(Input records Opens)

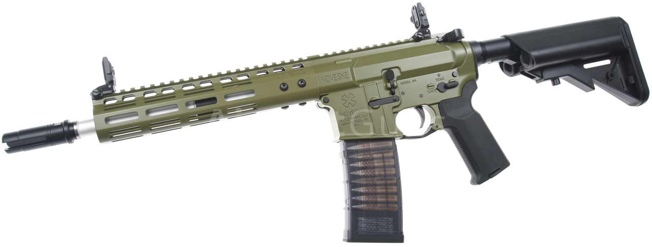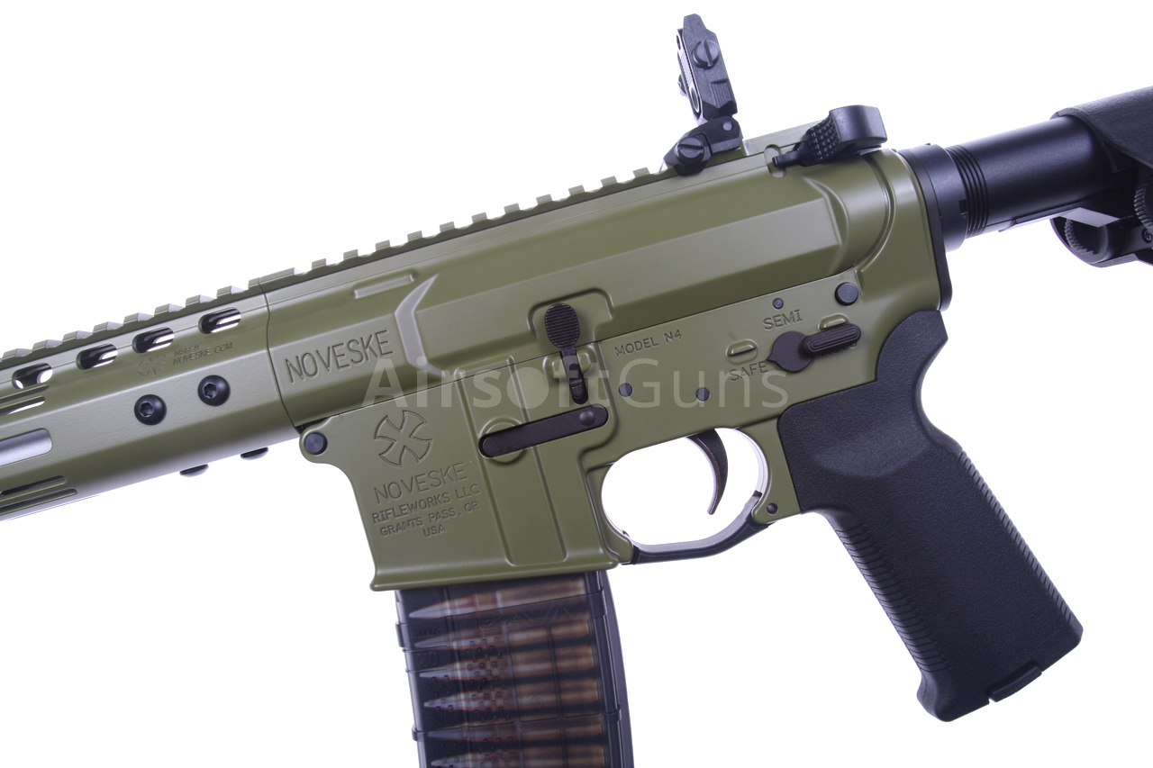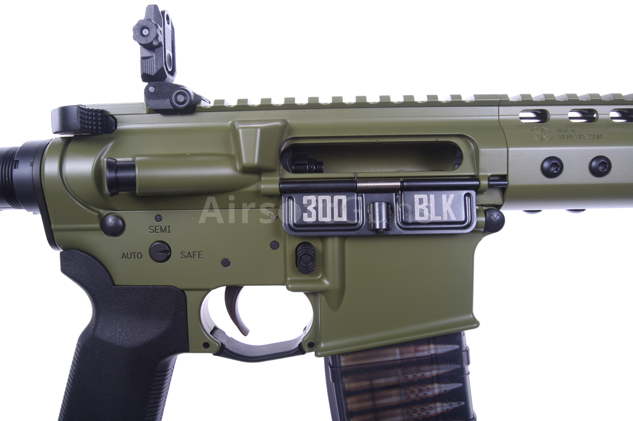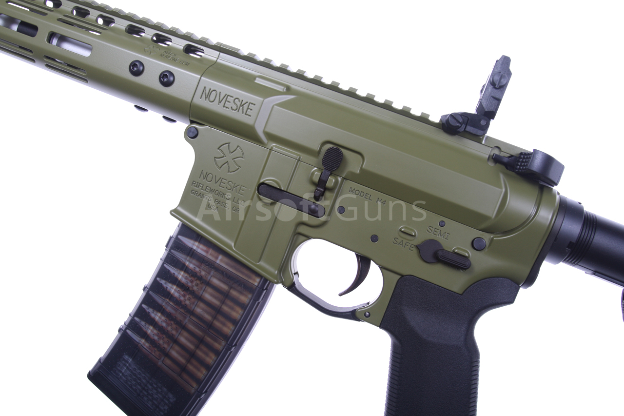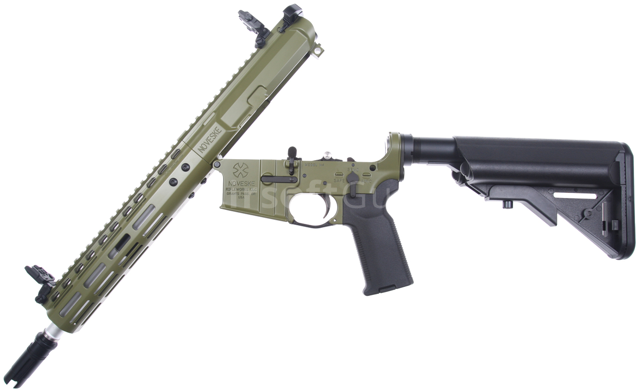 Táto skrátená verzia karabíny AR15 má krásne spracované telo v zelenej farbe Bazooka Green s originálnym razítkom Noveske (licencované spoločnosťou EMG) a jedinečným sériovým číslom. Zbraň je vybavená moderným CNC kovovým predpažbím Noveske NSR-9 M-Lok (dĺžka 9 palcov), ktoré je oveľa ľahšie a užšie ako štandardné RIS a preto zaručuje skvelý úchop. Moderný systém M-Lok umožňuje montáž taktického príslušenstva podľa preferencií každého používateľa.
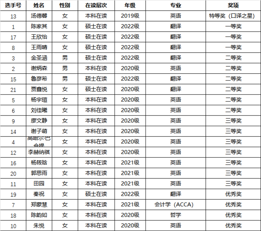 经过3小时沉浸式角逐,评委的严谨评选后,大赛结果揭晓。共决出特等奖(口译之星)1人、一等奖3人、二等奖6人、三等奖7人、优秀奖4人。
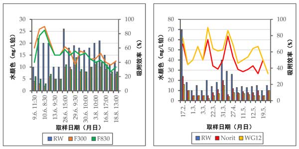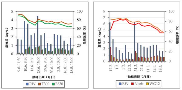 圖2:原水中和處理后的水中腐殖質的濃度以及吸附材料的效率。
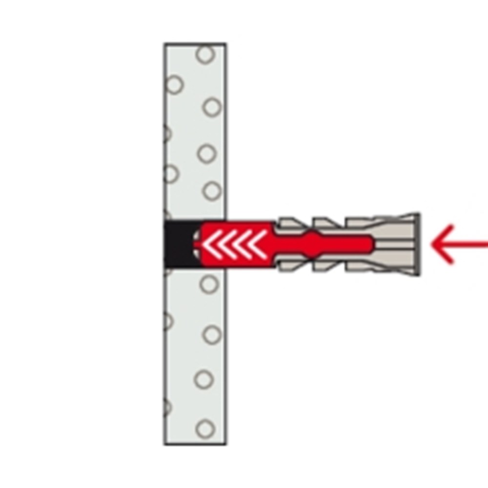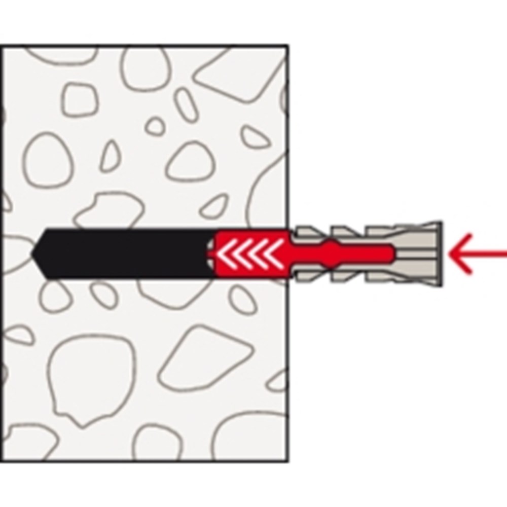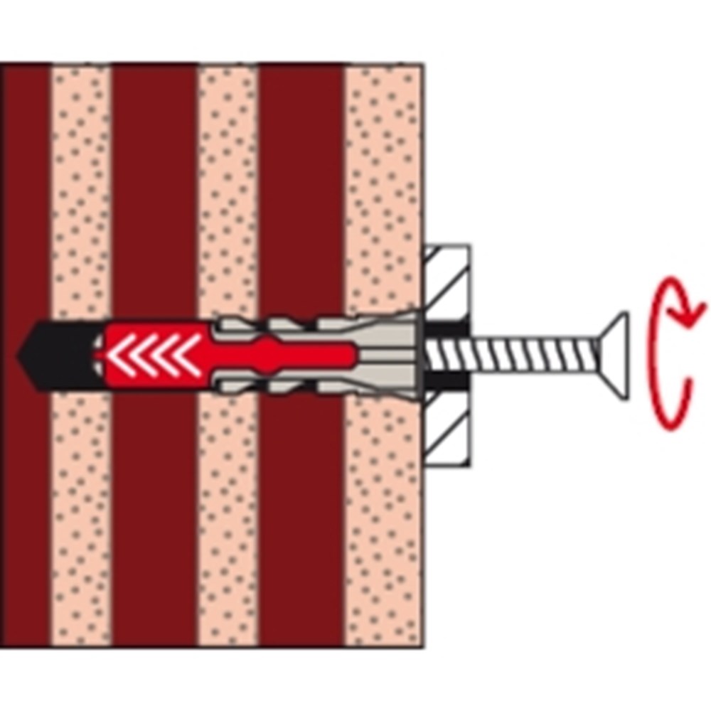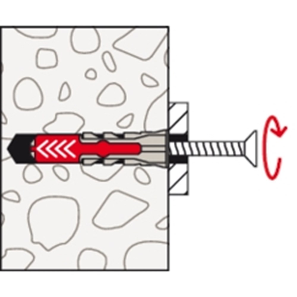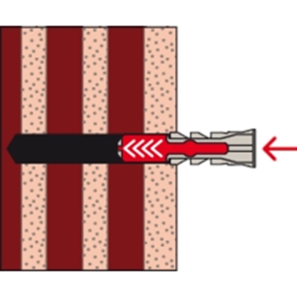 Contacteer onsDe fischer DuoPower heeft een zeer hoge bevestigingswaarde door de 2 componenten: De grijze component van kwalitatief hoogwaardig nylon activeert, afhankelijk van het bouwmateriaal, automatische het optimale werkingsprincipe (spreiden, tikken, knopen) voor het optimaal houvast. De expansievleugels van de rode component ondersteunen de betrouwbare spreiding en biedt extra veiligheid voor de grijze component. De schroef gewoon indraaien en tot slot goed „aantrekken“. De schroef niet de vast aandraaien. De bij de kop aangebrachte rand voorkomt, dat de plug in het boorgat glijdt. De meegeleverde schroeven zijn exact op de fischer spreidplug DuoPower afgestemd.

(Input records Closes)
(Input records Opens)

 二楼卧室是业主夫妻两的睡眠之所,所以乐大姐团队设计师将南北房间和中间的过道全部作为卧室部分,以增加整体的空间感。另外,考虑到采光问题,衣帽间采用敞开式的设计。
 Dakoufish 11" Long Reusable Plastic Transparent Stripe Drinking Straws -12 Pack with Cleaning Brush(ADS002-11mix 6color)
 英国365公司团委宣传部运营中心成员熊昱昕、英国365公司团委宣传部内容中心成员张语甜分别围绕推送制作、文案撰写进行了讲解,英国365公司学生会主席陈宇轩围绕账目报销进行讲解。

(Input records Closes)
(Input records Opens)

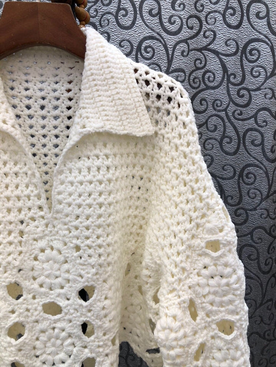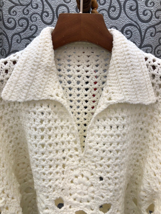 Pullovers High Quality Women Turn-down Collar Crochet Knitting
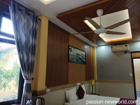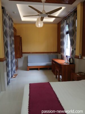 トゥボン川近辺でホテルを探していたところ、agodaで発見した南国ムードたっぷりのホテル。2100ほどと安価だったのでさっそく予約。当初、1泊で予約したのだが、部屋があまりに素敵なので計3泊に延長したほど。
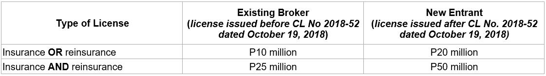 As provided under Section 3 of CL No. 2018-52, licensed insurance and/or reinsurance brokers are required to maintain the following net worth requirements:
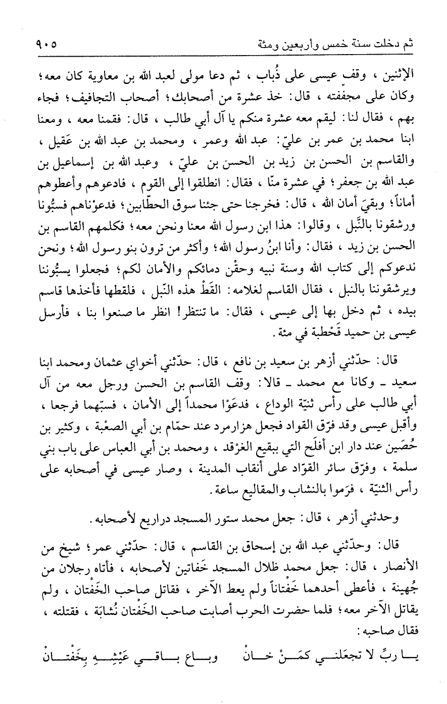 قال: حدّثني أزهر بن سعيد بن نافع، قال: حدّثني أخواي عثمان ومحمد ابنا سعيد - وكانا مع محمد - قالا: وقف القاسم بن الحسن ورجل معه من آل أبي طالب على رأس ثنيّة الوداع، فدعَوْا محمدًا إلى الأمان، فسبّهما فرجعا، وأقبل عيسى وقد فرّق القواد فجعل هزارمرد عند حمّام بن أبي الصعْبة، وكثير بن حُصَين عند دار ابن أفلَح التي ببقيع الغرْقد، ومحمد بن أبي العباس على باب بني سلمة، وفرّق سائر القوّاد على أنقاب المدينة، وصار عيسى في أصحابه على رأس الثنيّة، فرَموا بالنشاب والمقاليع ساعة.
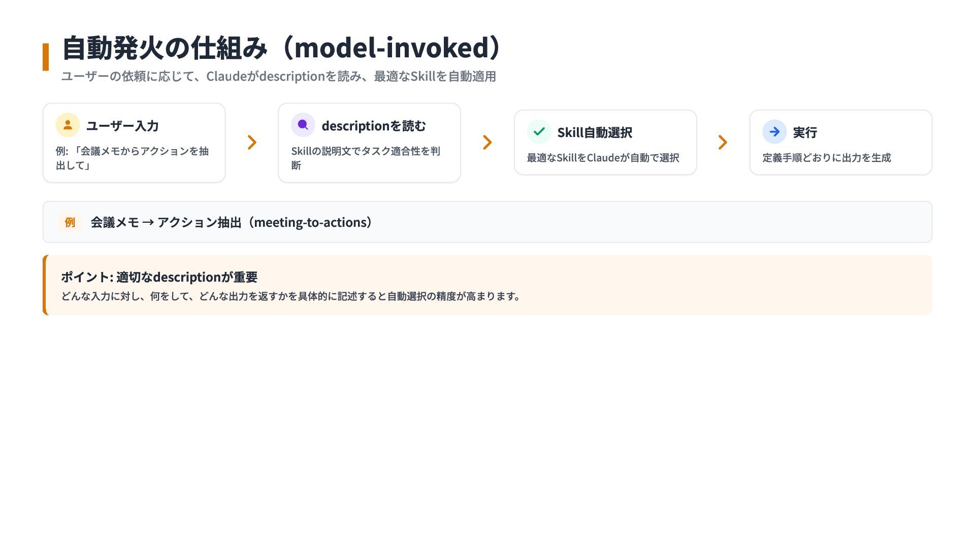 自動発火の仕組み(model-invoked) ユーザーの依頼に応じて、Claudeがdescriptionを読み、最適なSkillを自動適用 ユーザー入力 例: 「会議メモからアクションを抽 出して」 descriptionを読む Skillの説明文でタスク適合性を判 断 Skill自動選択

(Input records Closes)

* Exercise brief
Please output, exactly as written, the lines above from the one holding "トゥボン川近辺でホテルを探し" through the one holding "As provided under", both included, with the pictures omitted.

* Written answer
 トゥボン川近辺でホテルを探していたところ、agodaで発見した南国ムードたっぷりのホテル。2100ほどと安価だったのでさっそく予約。当初、1泊で予約したのだが、部屋があまりに素敵なので計3泊に延長したほど。
 As provided under Section 3 of CL No. 2018-52, licensed insurance and/or reinsurance brokers are required to maintain the following net worth requirements:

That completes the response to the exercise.